• **RECORDS TO PROCESS**:
_ _ _

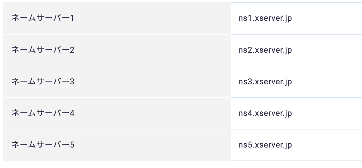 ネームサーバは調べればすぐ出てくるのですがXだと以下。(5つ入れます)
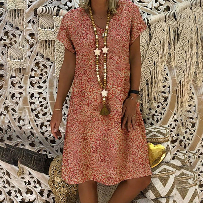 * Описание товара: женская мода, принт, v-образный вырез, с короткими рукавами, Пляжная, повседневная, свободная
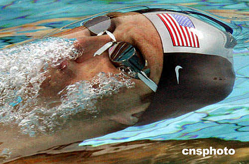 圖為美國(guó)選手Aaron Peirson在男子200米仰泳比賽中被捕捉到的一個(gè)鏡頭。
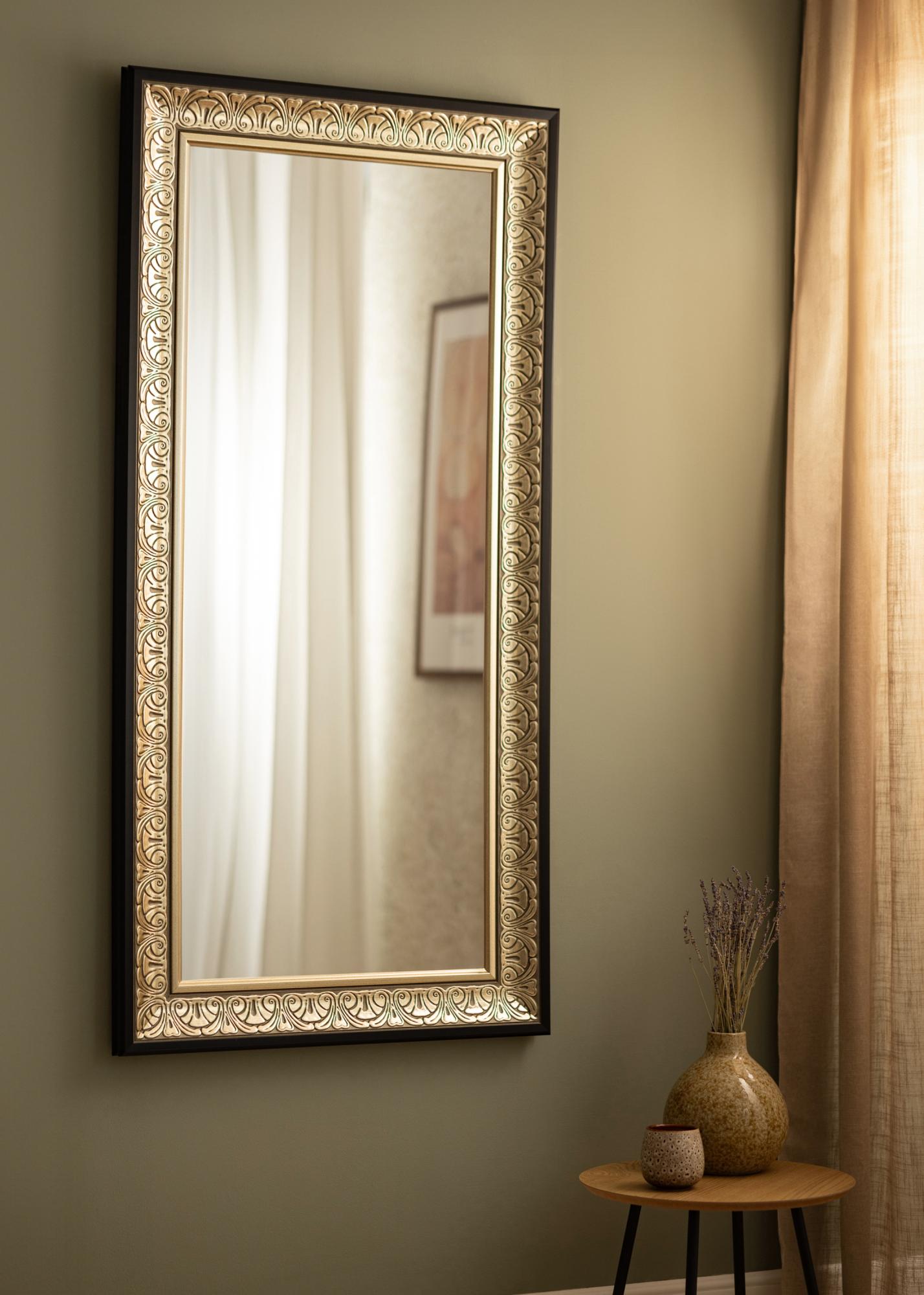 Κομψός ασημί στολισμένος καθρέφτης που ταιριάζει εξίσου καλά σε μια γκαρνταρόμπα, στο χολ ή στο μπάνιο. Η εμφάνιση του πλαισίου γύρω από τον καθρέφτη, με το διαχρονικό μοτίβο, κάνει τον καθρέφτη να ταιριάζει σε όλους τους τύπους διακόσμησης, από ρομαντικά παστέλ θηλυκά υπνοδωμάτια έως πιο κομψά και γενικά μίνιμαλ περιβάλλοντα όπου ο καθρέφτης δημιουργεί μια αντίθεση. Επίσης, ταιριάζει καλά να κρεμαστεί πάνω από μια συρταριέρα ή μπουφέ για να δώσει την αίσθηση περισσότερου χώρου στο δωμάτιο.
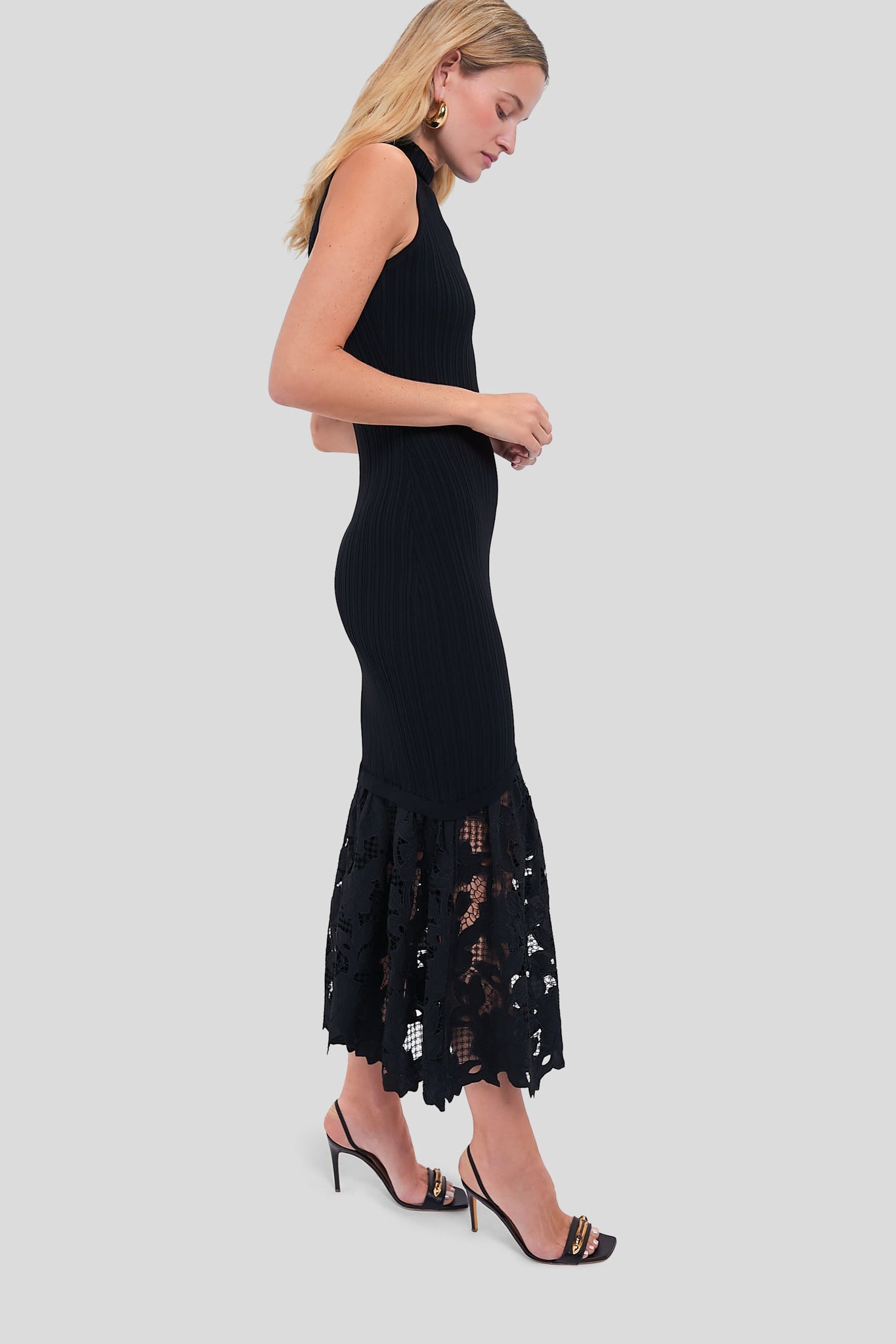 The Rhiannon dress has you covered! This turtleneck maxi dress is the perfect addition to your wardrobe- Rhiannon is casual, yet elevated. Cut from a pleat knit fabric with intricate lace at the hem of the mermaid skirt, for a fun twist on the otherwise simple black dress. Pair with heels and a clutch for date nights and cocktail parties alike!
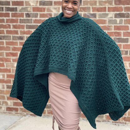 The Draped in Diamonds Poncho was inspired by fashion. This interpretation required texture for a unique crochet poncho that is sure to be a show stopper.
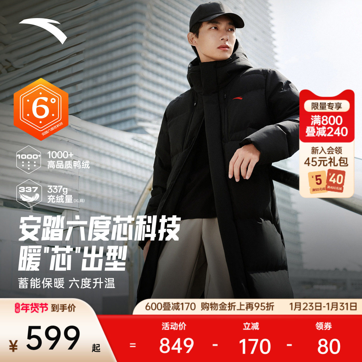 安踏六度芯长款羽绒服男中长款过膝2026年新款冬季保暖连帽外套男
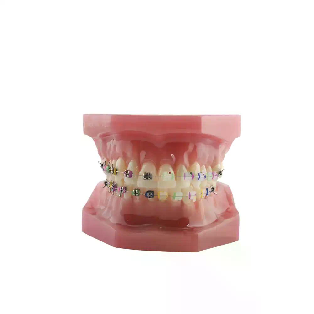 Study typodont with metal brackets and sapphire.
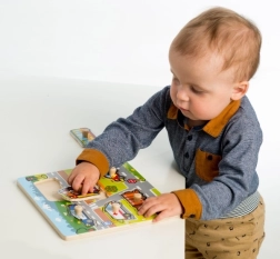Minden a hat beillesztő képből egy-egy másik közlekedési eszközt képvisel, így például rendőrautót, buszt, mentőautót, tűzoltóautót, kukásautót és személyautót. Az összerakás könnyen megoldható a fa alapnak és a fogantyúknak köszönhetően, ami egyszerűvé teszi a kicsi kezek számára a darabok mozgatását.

_ _ _

• **TASK BRIEF**:
Would you please print out all the records above exactly, minus any pictures?

• **PROBLEM SOLUTION**:
 ネームサーバは調べればすぐ出てくるのですがXだと以下。(5つ入れます)
 * Описание товара: женская мода, принт, v-образный вырез, с короткими рукавами, Пляжная, повседневная, свободная
 圖為美國(guó)選手Aaron Peirson在男子200米仰泳比賽中被捕捉到的一個(gè)鏡頭。
 Κομψός ασημί στολισμένος καθρέφτης που ταιριάζει εξίσου καλά σε μια γκαρνταρόμπα, στο χολ ή στο μπάνιο. Η εμφάνιση του πλαισίου γύρω από τον καθρέφτη, με το διαχρονικό μοτίβο, κάνει τον καθρέφτη να ταιριάζει σε όλους τους τύπους διακόσμησης, από ρομαντικά παστέλ θηλυκά υπνοδωμάτια έως πιο κομψά και γενικά μίνιμαλ περιβάλλοντα όπου ο καθρέφτης δημιουργεί μια αντίθεση. Επίσης, ταιριάζει καλά να κρεμαστεί πάνω από μια συρταριέρα ή μπουφέ για να δώσει την αίσθηση περισσότερου χώρου στο δωμάτιο.
 The Rhiannon dress has you covered! This turtleneck maxi dress is the perfect addition to your wardrobe- Rhiannon is casual, yet elevated. Cut from a pleat knit fabric with intricate lace at the hem of the mermaid skirt, for a fun twist on the otherwise simple black dress. Pair with heels and a clutch for date nights and cocktail parties alike!
 The Draped in Diamonds Poncho was inspired by fashion. This interpretation required texture for a unique crochet poncho that is sure to be a show stopper.
 安踏六度芯长款羽绒服男中长款过膝2026年新款冬季保暖连帽外套男
 Study typodont with metal brackets and sapphire.
Minden a hat beillesztő képből egy-egy másik közlekedési eszközt képvisel, így például rendőrautót, buszt, mentőautót, tűzoltóautót, kukásautót és személyautót. Az összerakás könnyen megoldható a fa alapnak és a fogantyúknak köszönhetően, ami egyszerűvé teszi a kicsi kezek számára a darabok mozgatását.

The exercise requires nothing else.